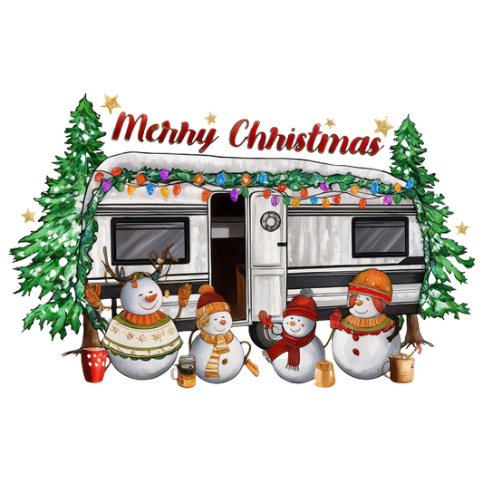 Una escena festiva con una caravana decorada, muñecos de nieve alegres y árboles de Navidad, celebrando el espíritu navideño con alegría.
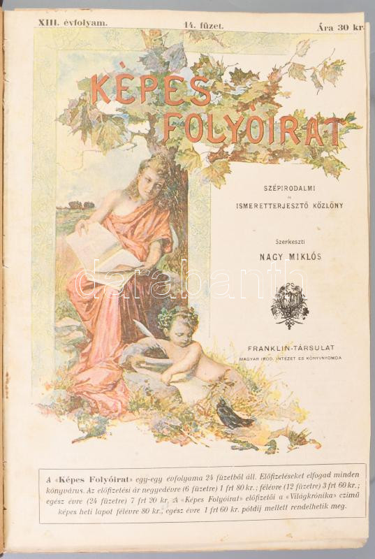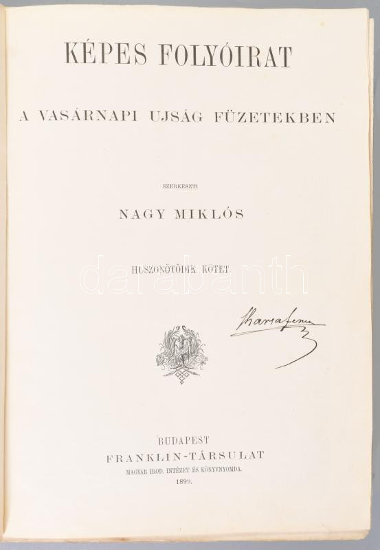 1899 Képes Folyóirat. XXV. kötet. (1899. I. félév.) A Vasárnapi Ujság füzetekben. Szerk.: Nagy Miklós. Bp., 1899, Franklin, VIII+640 p. Kihajtható táblákkal, gazdag képanyaggal illusztrált. Átkötött félvászon-kötés, kopott borítóval.
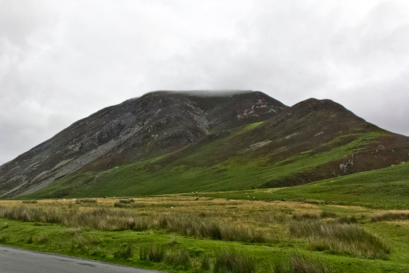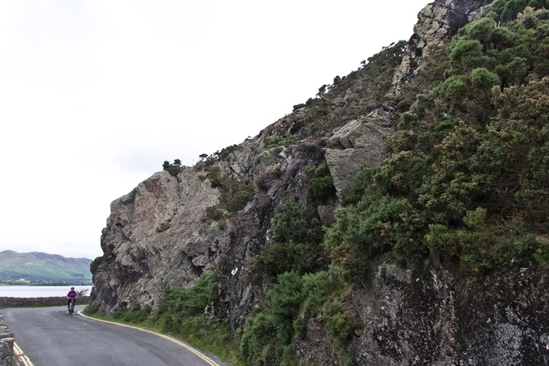 The road hugs the lake with a steep sided drop to the shore, so here there was no option other than to walk carefully by the road. Mellbreak dominates the view across the the lake.
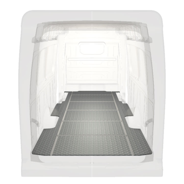 Lekkie i solidne podłogi z szynami poprzecznymi do samochodów dostawczych Volkswagen Crafter / MAN TGE wyposażone w antypoślizgową aluminiową blachę ryflowaną i szyny na ładunek (wzdłużne oraz poprzeczne) umożliwiające szybki i bezpieczny montaż systemów regałowych oraz innych akcesoriów.
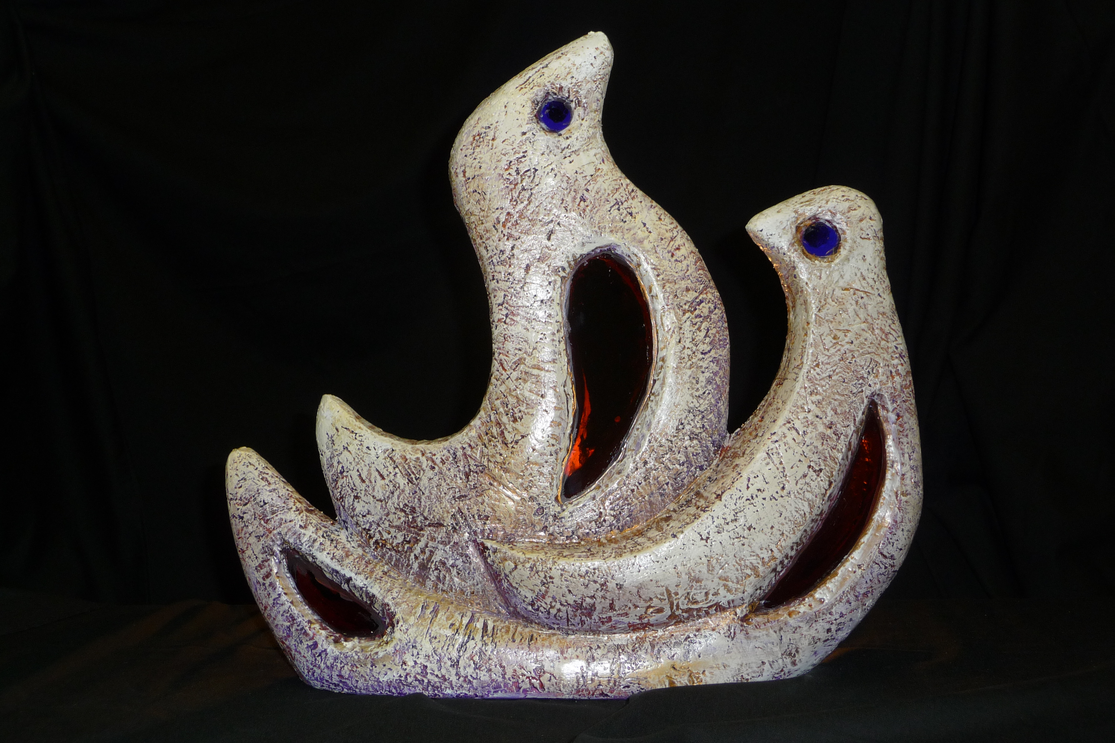 "2 vogels", object is voorzien van stukjes glas door Sjaak van Bakel.
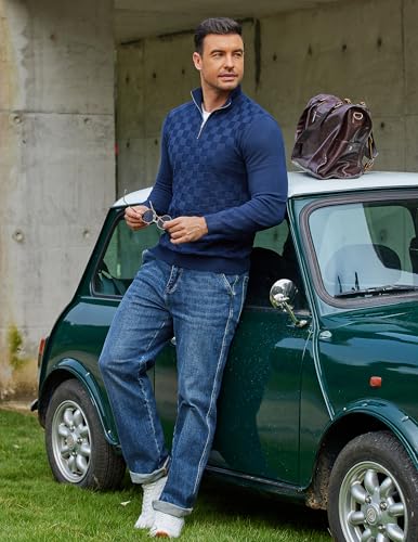 COOFANDY Quarter Zip Pullover Men Dress Sweaters Long Sleeve Jacquard Checkered Sweater 5
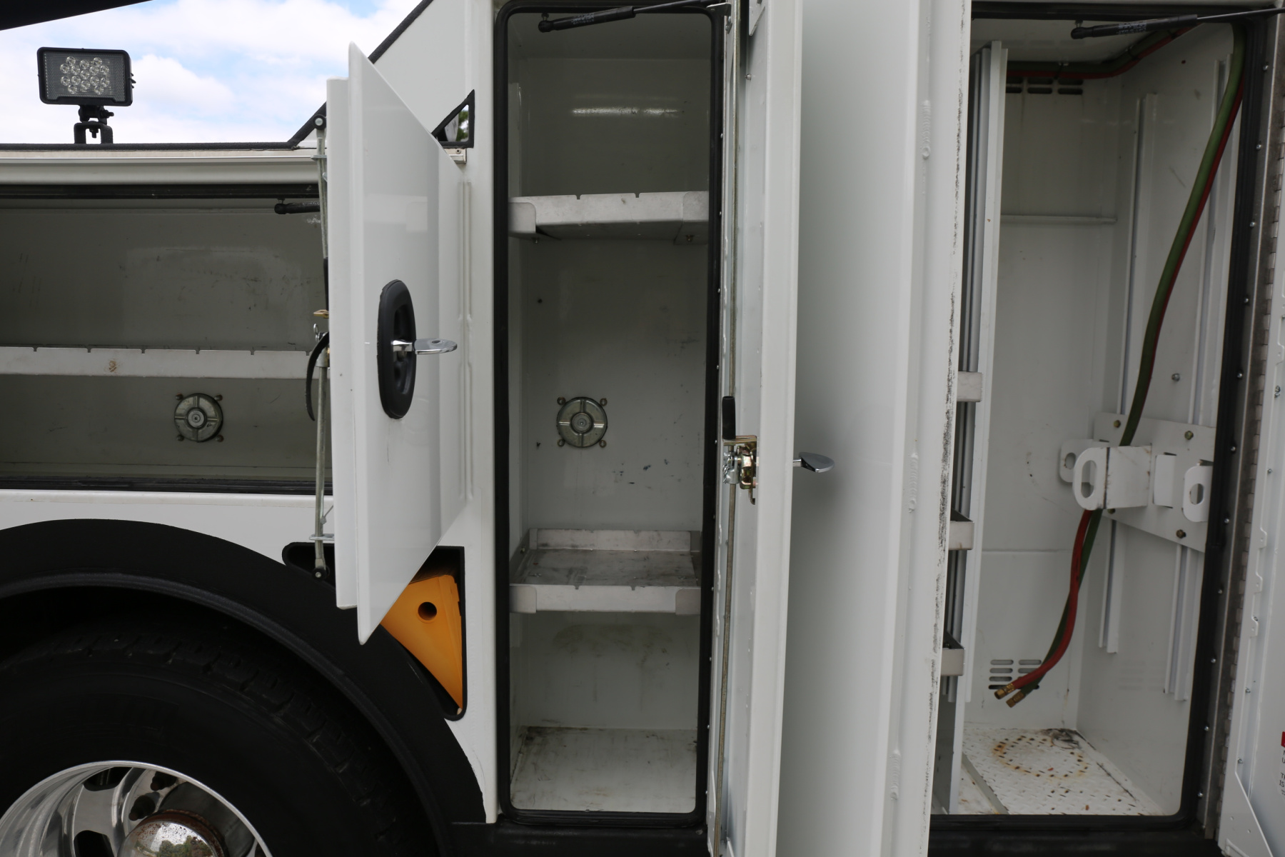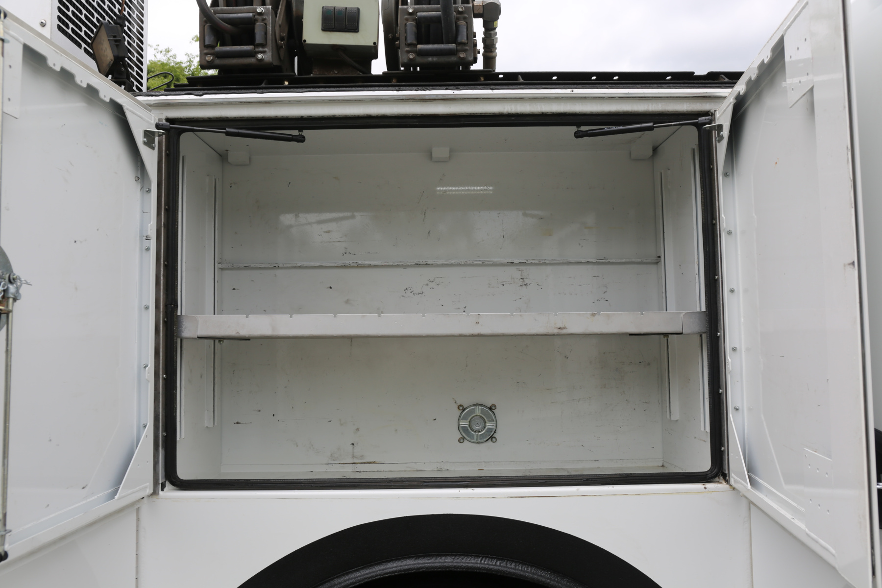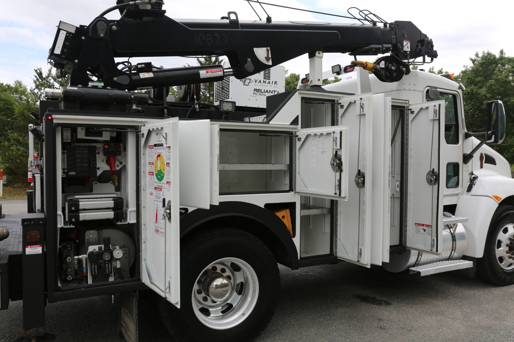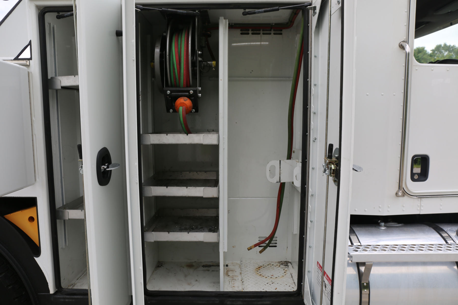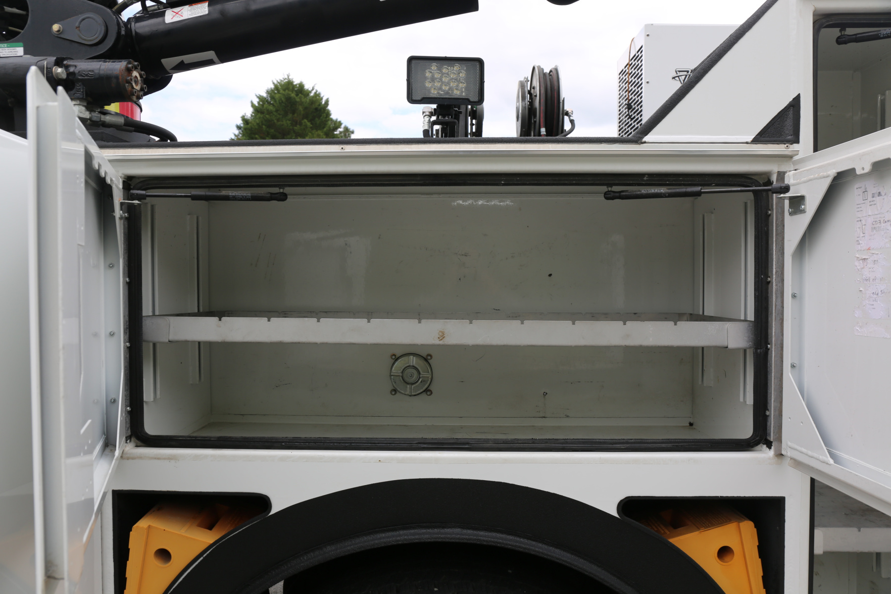The crane compartment houses a Hannay hose reel, air regulator and drier, two drawers, and the body control panel. The body control panel controls all bed lighting, outrigger functions, and has manual overrides for the crane.
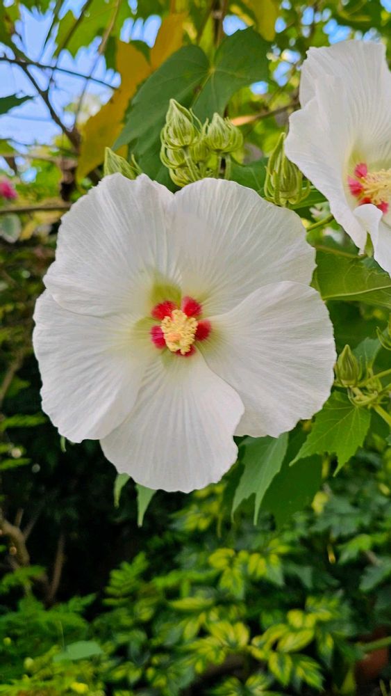 酔芙蓉としては少し変わっていて、 原種なのか、悪く言えば出来損ないかも知れないけど。朝🌄は白く咲き昼頃はうっすら赤みが挿して夕方は赤くなり
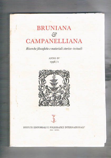 Bruniana & Campanelliana. Semestrale di Ricerche filosofiche e materiali storico-testuali. Anno IV, 1998, n° I-II°. Il concetto di ingenuo in Bruno; Bruno's Area Democriti and the origins of atomist imagery; appunti sulla diffusione della filosofia di Bruno nell'Olanda del '700; menzogna e nnichilazione in Tommaso Campanella; ecc.
++++++++++++++++++++
■ **TASK REQUIREMENTS**
Pictures are to be left out while the lines from the beginning of the records through the line with "Lekkie i solidne" are copied word for word.

■ **RESULT OF THIS TASK**
 Una escena festiva con una caravana decorada, muñecos de nieve alegres y árboles de Navidad, celebrando el espíritu navideño con alegría.
 1899 Képes Folyóirat. XXV. kötet. (1899. I. félév.) A Vasárnapi Ujság füzetekben. Szerk.: Nagy Miklós. Bp., 1899, Franklin, VIII+640 p. Kihajtható táblákkal, gazdag képanyaggal illusztrált. Átkötött félvászon-kötés, kopott borítóval.
 The road hugs the lake with a steep sided drop to the shore, so here there was no option other than to walk carefully by the road. Mellbreak dominates the view across the the lake.
 Lekkie i solidne podłogi z szynami poprzecznymi do samochodów dostawczych Volkswagen Crafter / MAN TGE wyposażone w antypoślizgową aluminiową blachę ryflowaną i szyny na ładunek (wzdłużne oraz poprzeczne) umożliwiające szybki i bezpieczny montaż systemów regałowych oraz innych akcesoriów.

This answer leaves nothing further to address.